◆ **WHAT YOU HAVE TO DO**
Nothing but the lines below from the one containing "Was ist 6/65" through the one containing "2018年4月15日晚,轻纺" should appear in the answer, exact and without pictures.

◆ **DATA SUPPLIED**
++++++++++++++++++++

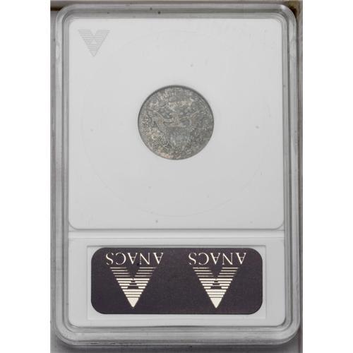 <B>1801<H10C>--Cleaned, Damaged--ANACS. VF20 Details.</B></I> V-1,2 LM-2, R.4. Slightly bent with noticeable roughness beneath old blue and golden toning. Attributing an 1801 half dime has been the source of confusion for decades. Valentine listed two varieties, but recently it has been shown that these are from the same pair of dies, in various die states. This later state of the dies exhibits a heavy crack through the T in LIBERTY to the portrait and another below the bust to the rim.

++++++++++++++++++++

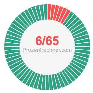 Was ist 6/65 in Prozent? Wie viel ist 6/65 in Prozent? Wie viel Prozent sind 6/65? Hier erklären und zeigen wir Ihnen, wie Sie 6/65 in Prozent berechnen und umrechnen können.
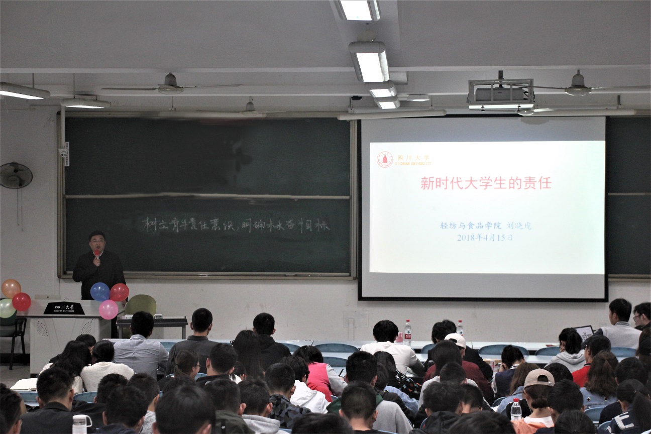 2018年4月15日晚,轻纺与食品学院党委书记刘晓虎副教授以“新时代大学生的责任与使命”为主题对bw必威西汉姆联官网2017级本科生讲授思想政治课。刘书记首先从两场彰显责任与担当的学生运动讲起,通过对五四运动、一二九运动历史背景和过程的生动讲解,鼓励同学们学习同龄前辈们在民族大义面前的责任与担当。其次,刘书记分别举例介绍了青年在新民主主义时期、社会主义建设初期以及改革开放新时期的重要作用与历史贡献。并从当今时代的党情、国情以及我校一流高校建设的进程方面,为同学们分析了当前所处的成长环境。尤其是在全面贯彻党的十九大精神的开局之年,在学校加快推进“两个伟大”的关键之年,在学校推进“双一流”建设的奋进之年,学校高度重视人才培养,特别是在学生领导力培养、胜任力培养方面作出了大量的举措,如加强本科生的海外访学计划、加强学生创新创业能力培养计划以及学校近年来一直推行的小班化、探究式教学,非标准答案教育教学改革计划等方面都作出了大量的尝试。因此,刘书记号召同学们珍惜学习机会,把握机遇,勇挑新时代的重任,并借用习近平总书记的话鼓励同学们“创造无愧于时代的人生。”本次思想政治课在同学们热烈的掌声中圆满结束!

++++++++++++++++++++

◆ **SOLUTION TO THE EXERCISE**
 Was ist 6/65 in Prozent? Wie viel ist 6/65 in Prozent? Wie viel Prozent sind 6/65? Hier erklären und zeigen wir Ihnen, wie Sie 6/65 in Prozent berechnen und umrechnen können.
 2018年4月15日晚,轻纺与食品学院党委书记刘晓虎副教授以“新时代大学生的责任与使命”为主题对bw必威西汉姆联官网2017级本科生讲授思想政治课。刘书记首先从两场彰显责任与担当的学生运动讲起,通过对五四运动、一二九运动历史背景和过程的生动讲解,鼓励同学们学习同龄前辈们在民族大义面前的责任与担当。其次,刘书记分别举例介绍了青年在新民主主义时期、社会主义建设初期以及改革开放新时期的重要作用与历史贡献。并从当今时代的党情、国情以及我校一流高校建设的进程方面,为同学们分析了当前所处的成长环境。尤其是在全面贯彻党的十九大精神的开局之年,在学校加快推进“两个伟大”的关键之年,在学校推进“双一流”建设的奋进之年,学校高度重视人才培养,特别是在学生领导力培养、胜任力培养方面作出了大量的举措,如加强本科生的海外访学计划、加强学生创新创业能力培养计划以及学校近年来一直推行的小班化、探究式教学,非标准答案教育教学改革计划等方面都作出了大量的尝试。因此,刘书记号召同学们珍惜学习机会,把握机遇,勇挑新时代的重任,并借用习近平总书记的话鼓励同学们“创造无愧于时代的人生。”本次思想政治课在同学们热烈的掌声中圆满结束!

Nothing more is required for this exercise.